# Raw Peppers in Cure



## Avw0516 (Mar 15, 2020)

Hi all,

Brand new to the forum and making bacon in general. I used to have a Brinkman propane smoker but after years it rotted out and I just got by with the Weber Kettle. I finally got another gas smoker just to make life easier and have more capacity and recently just made my first batch of bacon and it turned out great!

Obviously, now I  want to start experimenting. Is there any reason not to use raw peppers in the cure instead of a dried pepper powder? Apologies if this has been covered before, I couldn’t find any threads about this subject. Thanks in advance!

Here’s a shot of my first homemade BLT - wish I had normal bread but with the whole COVID-19 thing I couldn’t find any in the grocery store.

-Andrew


----------



## thirdeye (Mar 15, 2020)

Do you mean using a dry cure and putting jalapeno slices in the zipper bag, or putting jalapeno slices in a wet cure?


----------



## Avw0516 (Mar 15, 2020)

I was thinking about blending up some jalapeños and habaneros to mix with the salt/sugar/pink salt to make a paste to spread all over and vacuum seal.


----------



## Will Squared (Mar 15, 2020)

Let us know if you live.

(...just kidding...)


----------



## Will Squared (Mar 15, 2020)

What are you smoking?


----------



## Avw0516 (Mar 15, 2020)

Two 5lb pork bellies.

One I’d like to make one pretty hot, the other just standard salt/brown sugar/pink salt.

Working on getting the new smoker dialed in!


----------



## thirdeye (Mar 16, 2020)

Avw0516 said:


> I was thinking about blending up some jalapeños and habaneros to mix with the salt/sugar/pink salt to make a paste to spread all over and vacuum seal.



I don't see why it would not work, but just like when adding cracked pepper or garlic, the flavor is really at the surface.  I have tasted garlic bacon from a custom butcher in Iowa and I think they must inject garlic infused liquid into the belly because the flavor is in the entire slice.


----------



## Avw0516 (Mar 16, 2020)

That is a great point! I wonder if stabbing it with a fork to get more of the flavors inside would help? Thank you for the reply!


----------



## Avw0516 (Mar 24, 2020)

A little update - my creativity seems to have gotten the best of me this time. For the “hot” bacon I used a combination of habaneros and jalapeños, fresh garlic, salt, sugar, pink salt, and a little soy sauce.
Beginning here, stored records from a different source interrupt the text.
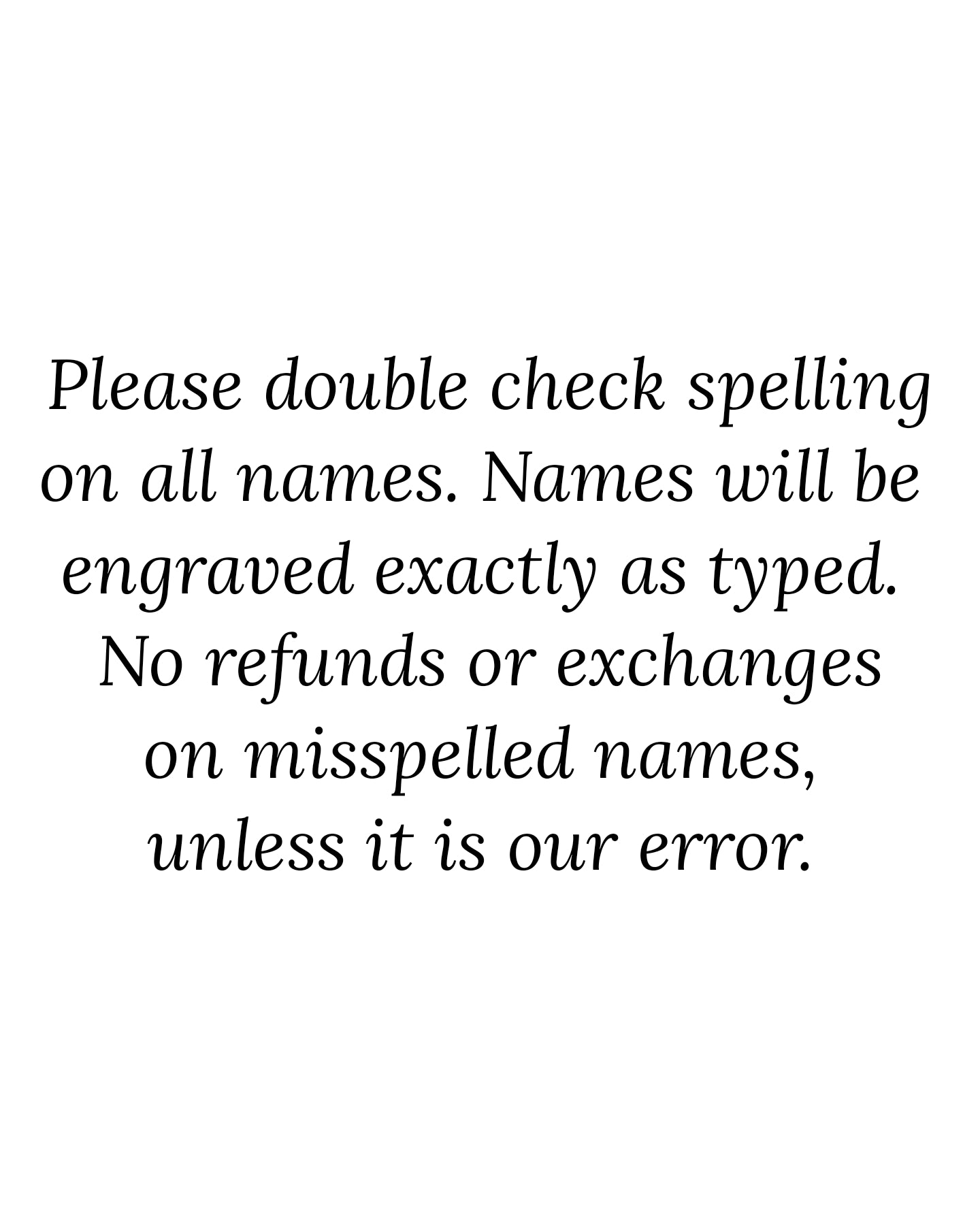 Please double check spelling on all names. Names will be engraved exactly as entered on order. No refunds or exchanges for misspelled names unless it is our error. Gingerbread people can be made with or without bow on the head. Please indicate "bow" or "no bow" for each name. Also indicate "cat" or "dog" if including pets.
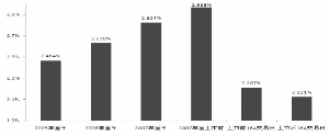 2010年上证综指全年波动幅度只有31.12%,日波幅超过3%的天数占全年的比率只有10.48%。而2006年-2009年,上证综指年振幅分别为145%、141%、232%和89%;2006年上证综指日波幅超过3%的天数占全年的比率达10.46%,2007年为33.05%,2008年高达55.70%,即全年有一半以上的天数波幅超过3%,2009年上证综指的这一比率也达23.97%。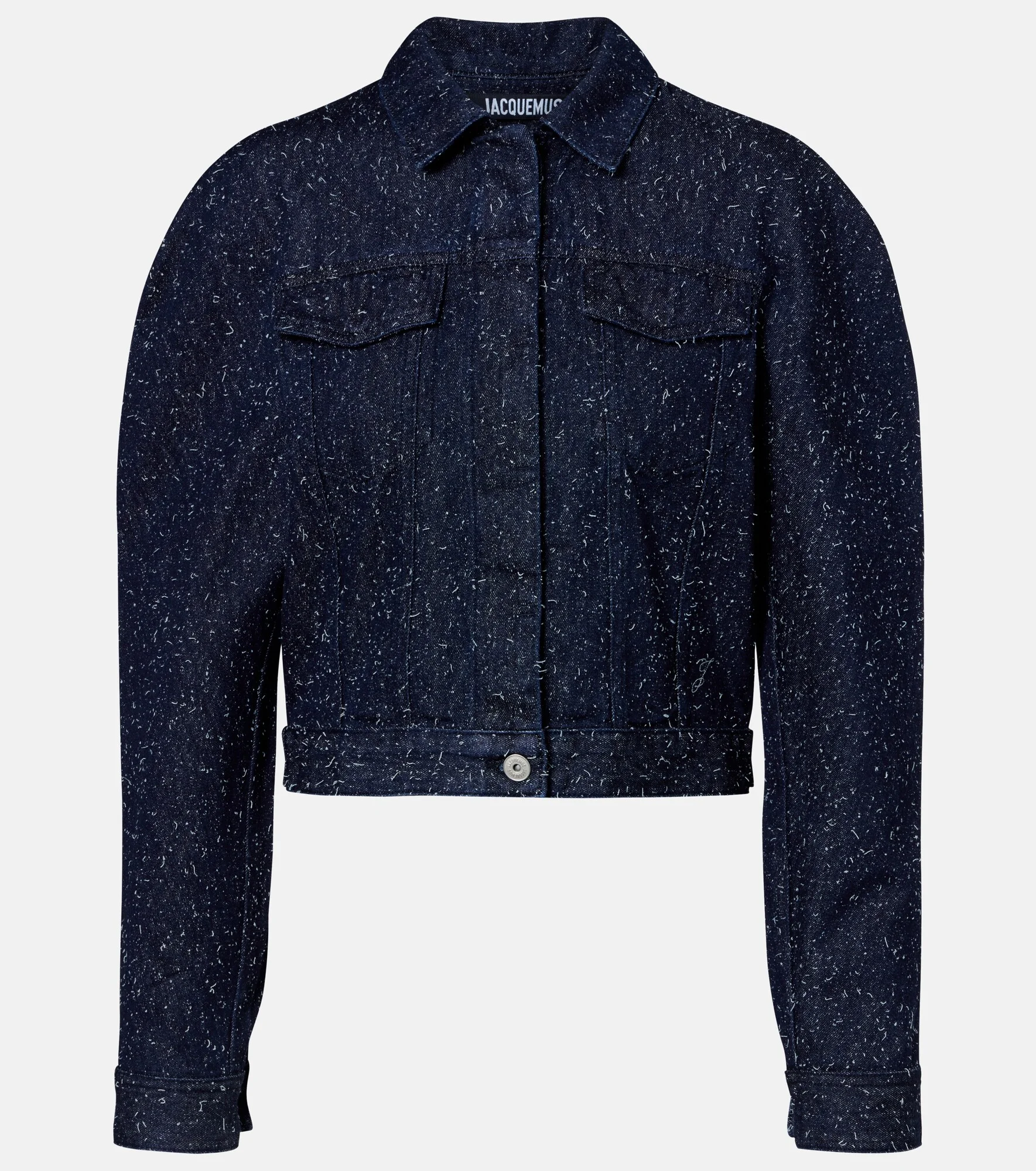 Jacquemus brings a characterful vision of French fashion to the design of every new collection. The Ovalo de-Nimes denim jacket is a cropped design with all-over embroidered accents. Product Details - Material: 97% cotton, 3% polyamide - Care instructions: hand wash - Made in Italy - Color: blue - Designer color name: Navy - Lining: 65% polyester, 35% cotton - Collar: classic (Straight point) - Closure: buttoned front - Pockets: flap chest pockets - Cuff: one button - Adjustable tabs at the waist - Item number: P01126332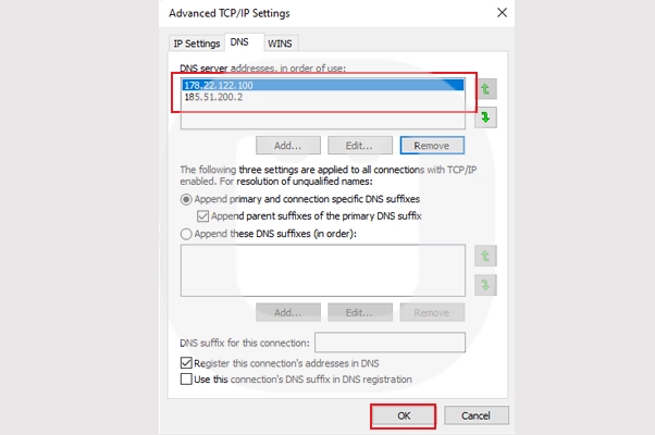در بخش DNS، روی Add کلیک کرده و IPهای زیر را اضافه کنید: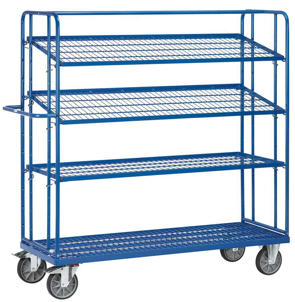 Beistell- und Kommissionierwagen, 4 Gitterböden, Ladefläche LxB 1650x610 mm, Außenmaße 1830x620x1800 mm, Traglast 500 kg, RAL 5007 brillantblau
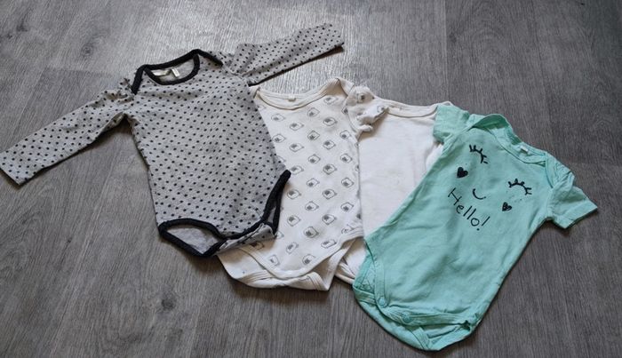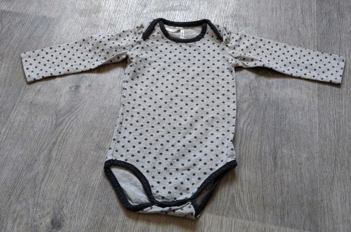 Lot de 4 bodys 12 mois. Celui avec les étoiles est de marque Orchestra. Les autres sont sans marques #celinej_lgarçon12mois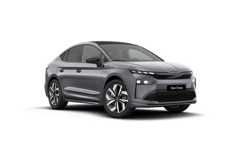 Fabriksny Skoda Enyaq Sportline Coupé - Klar til levering Sportline Farve: Graphite Grey metallak Indtræk: Sportline (sort alkantara stof med sort dellæder), sportrat, sort himmel og dekorelementer i carbon design)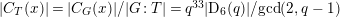 $|C_{T}(x)|=q^{16}(q^{2}-1)(q^{4}-1)(q^{6}-1)/\text{gcd}(2,q-1)$
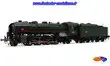 Locomotive à vapeur 141 R 420 avec tender à charbon, livrée vert/noir, analogique, SNCF - Ep. V - proposée par JOUEF. Historique : Les 141 R furent commandées par la France aux Etats-Unis en 1340 exemplaires répartis en deux sous séries (141R 1 à 700 et 701 à 1340) avec chauffe au charbon ou au fuel afin de palier le cruel manque de locomotives à la fin de la deuxième guerre mondiale. Livrées à 1323 exemplaires (17 machines et leurs tenders ayant été perdus lors du naufrage du cargo qui les transportait) à partir de novembre 1945, elles furent grandement appréciées par les mécaniciens de la SNCF de par leur robustesse et leur confort d'utilisation pour l'époque. Présentes sur l'ensemble des régions de la SNCF ces machines ont effectué un service mixte voyageurs/marchandises jusqu'en 1974, leur radiation coincidant avec la disparition totale de la traction vapeur en service commercial à la SNCF.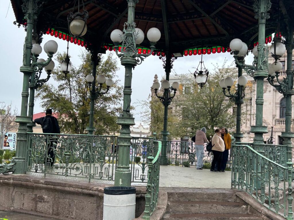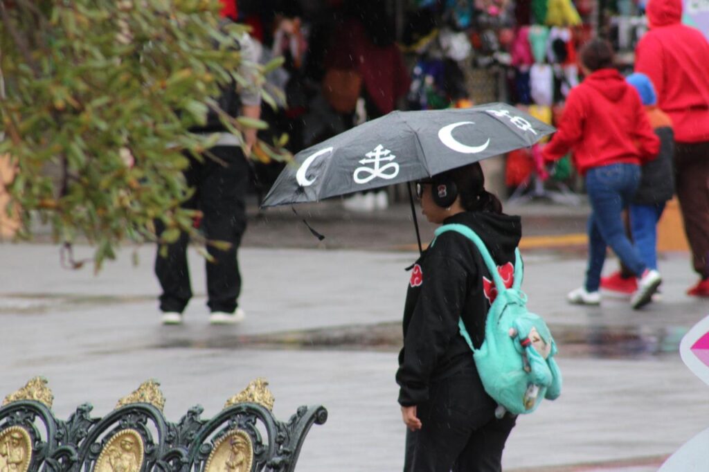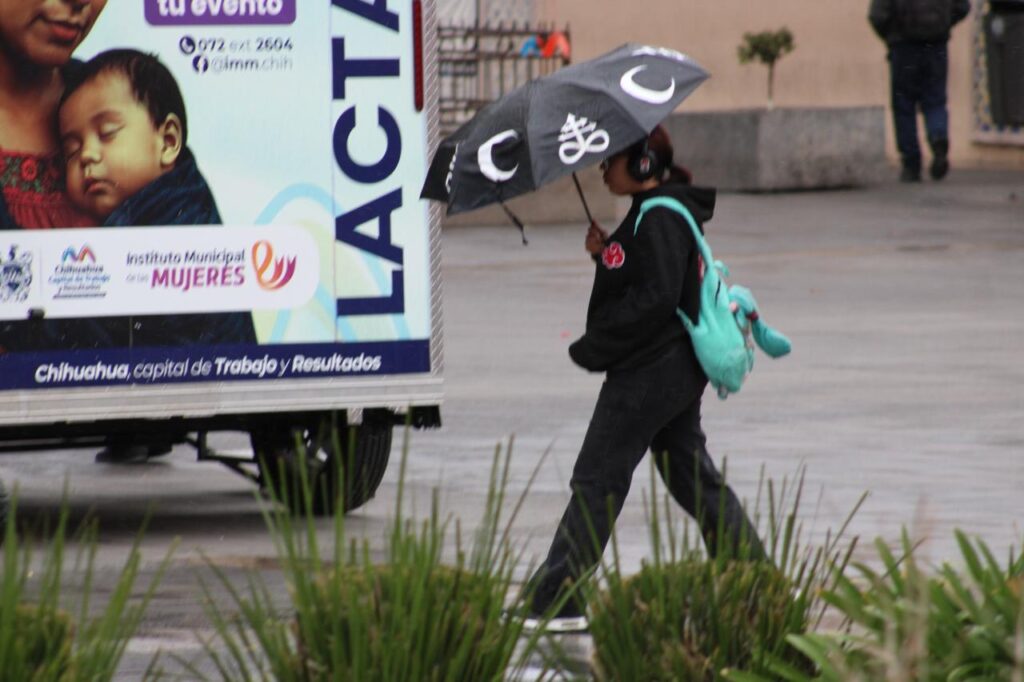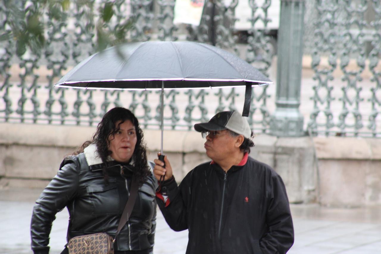 Hoy, los habitantes del centro de Chihuahua Capital fueron sorprendidos por lluvias ligeras desde la mañana, como parte de los efectos de la tercera tormenta invernal de la temporada. Algunos ciudadanos se resguardaron en el kiosco central de la Plaza de Armas, mientras otros sacaron sus paraguas para continuar con sus actividades.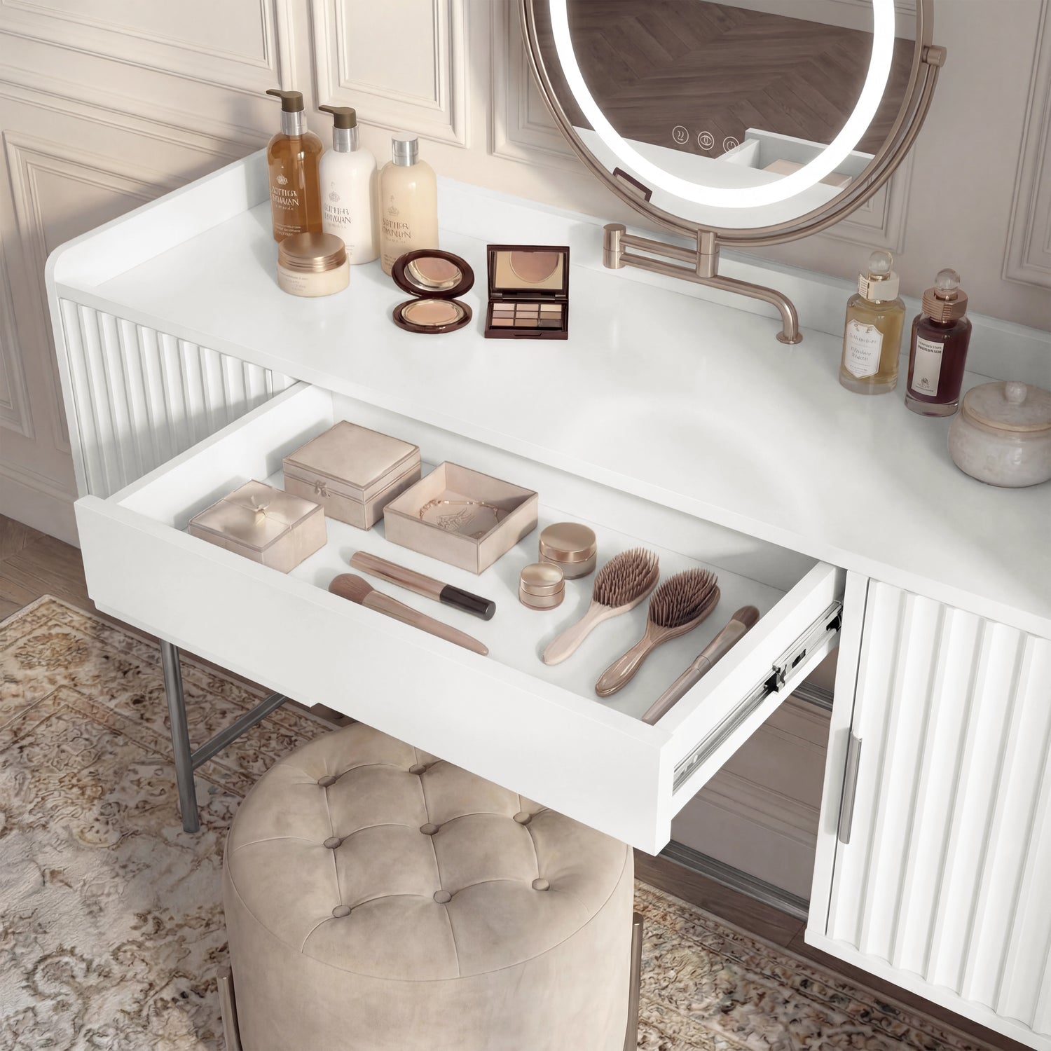 Roomy Middle Drawer: This makeup table features a handle-less middle drawer with ample space to store essentials like brushes or accessories.

The flavors from the garlic and peppers are definitely there but they are completely overwhelmed by the soy sauce. It is more like teriyaki pork belly than bacon, I did not expect that since the cure paste I made only had a faint hint of soy. I guess the soy is able to penetrate the meat much better than the other flavors. Lesson learned.

Oh, one other thing - the texture seems somewhat altered as well. I’m not sure if that’s from enzymes from some of the fresh garlic/peppers or another interaction with the soy sauce. It is definitely more chewy than classic bacon.

It definitely has some heat but not nearly what I was hoping for so I gave it a sprinkle of scorpion pepper powder and tossed it in the fridge to smoke tomorrow. Not overly optimistic about it, but going to follow through and see how it turns out.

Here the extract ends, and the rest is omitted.